One of the most perplexing realities of January 6th for me as a Christian minister was that many protestors proudly identified as followers of Jesus Christ. When I read about the life and teachings of Jesus in the New Testament, I learn of a radical, renegade Rabbi who resisted corruption not through violent insurrection but through grassroots organizing, through empowering individuals and communities to create a more just world through subversive acts of justice in their own daily lives. The Jesus I sought to follow was fundamentally different from whatever Jesus the insurrectionists had pledged their allegiance to. 

As I reflected on the insurrection and the entire Trump Presidency, it became clear that what was driving this violent behavior by white Christians was a deep-seated fear of losing their place of power and privilege in our country. As the national conversation around racial justice has progressed, as the disease of white supremacy continues to be exposed, and as the population of white people is surpassed by the multi-cultural array of diverse peoples that make up modern America, many white Christians are seeing the “promise” of a “Christian nation,” which really means a white, conservative, Christian nation vaporize before their eyes. 

READ: “Nothing New Under the Sun”: Opposing Racism Today

And yet, as a white Christian pastor myself, I have a strange feeling that losing privilege and power may be precisely what is required to save the souls of white Christians. After all, one of the central images of Jesus in the New Testament describes Christ as “emptying himself” of his own status and power to bring about redemption to the world. (Philippians 2:7) In Christian theology, Jesus rejects using his divine power for his own self-interest but leverages it only for the good of those around him. Following this example, the early Christians believed that only through following Jesus’ example could they experience the redemption of their souls and the world at large. 

The heart of Jesus’ message in the Gospels is to “love our neighbor as ourselves.” Yet, white Christians have far too often been known for how we marginalize our neighbors of different religions, cultures, and sexualities. Jesus leveraged his power for the good of even those perceived as his “enemies,” and yet white Christians are known for spending millions to get proximity to power and secure our own self-interests. In short, white Christianity has far too often chosen to worship the idol of our own privilege and power than the one who gave it all up for the salvation of the world and calls us to do the same. 
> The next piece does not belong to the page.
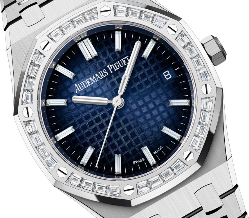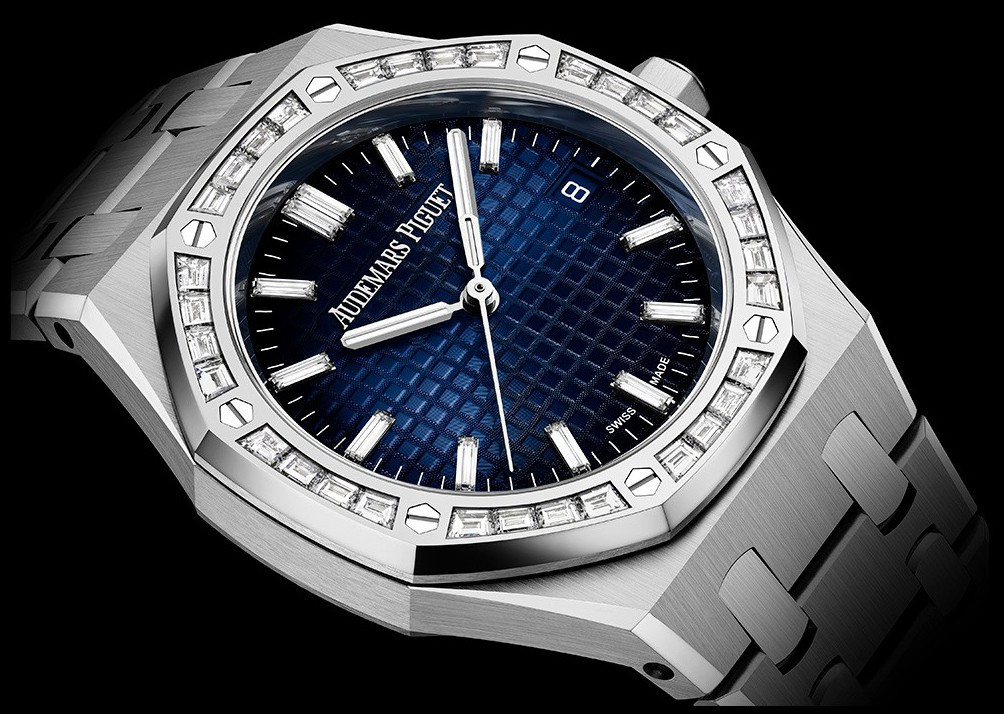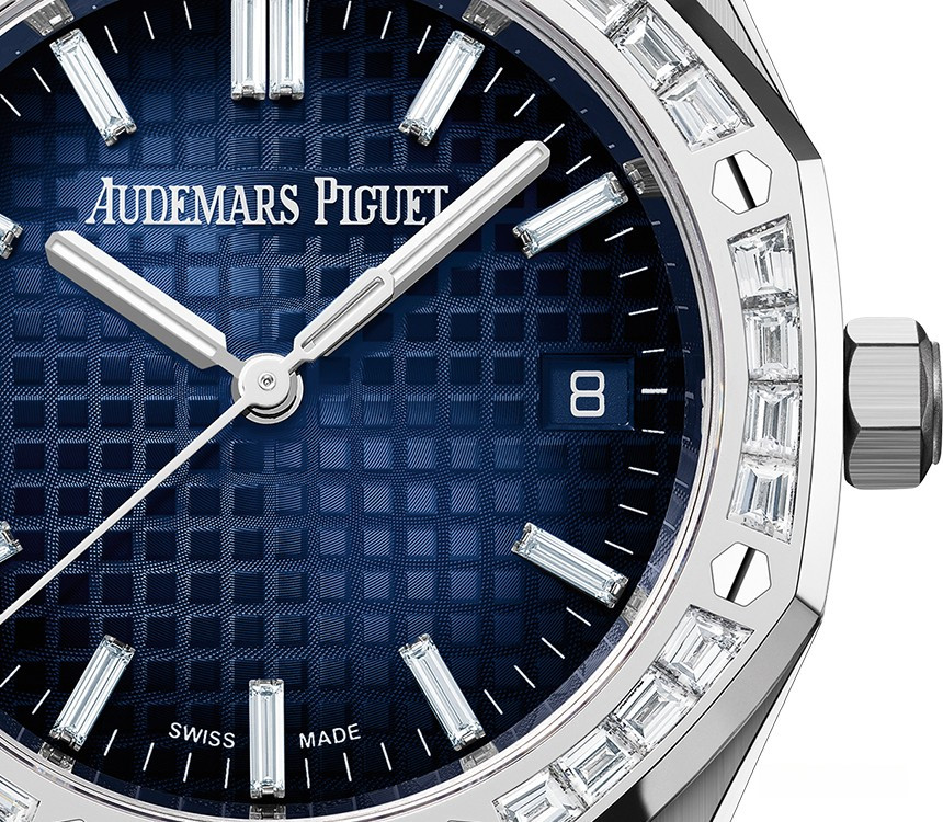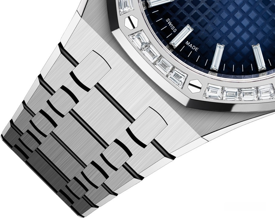 Часы Audemars Piguet Royal Oak Selfwinding 34 mm представлены в корпусе из белого золота 18к размером 34 х 8.8 мм водонепроницаемостью 50 метров. Внутри корпуса находится автоматический механизм, Калибр 5800, обладающий запасом хода 50 часов. На синем циферблате отображаются часы, минуты, секунды, дата. Часы поставляются на браслете из белого золота 18к. Безель из белых багетных бриллиантов.

REGISTER: Join us on February 27th at 7pm EST for a special “Race in America” event with Michael W. Waters

What white Christians have failed to see is that losing privilege and power isn’t actually a loss- instead, it means that our society will begin to function more equitably for everyone. It means that people’s ability to get ahead will not be based on the color of their skin or the religion they belong to but on their merit. It means that the Christian worldview will not be the assumed worldview in various settings throughout our pluralistic nation, but that doesn’t mean that the Christian worldview will somehow become suppressed. As the Prophet Isaiah writes, when the “valleys are exalted, and the mountains made low,” then “the glory of the Lord will be revealed, and all people will see it together.” (Isaiah 40:4-5) In other words, only when the playing field is leveled will the world experience the love and light of God together. 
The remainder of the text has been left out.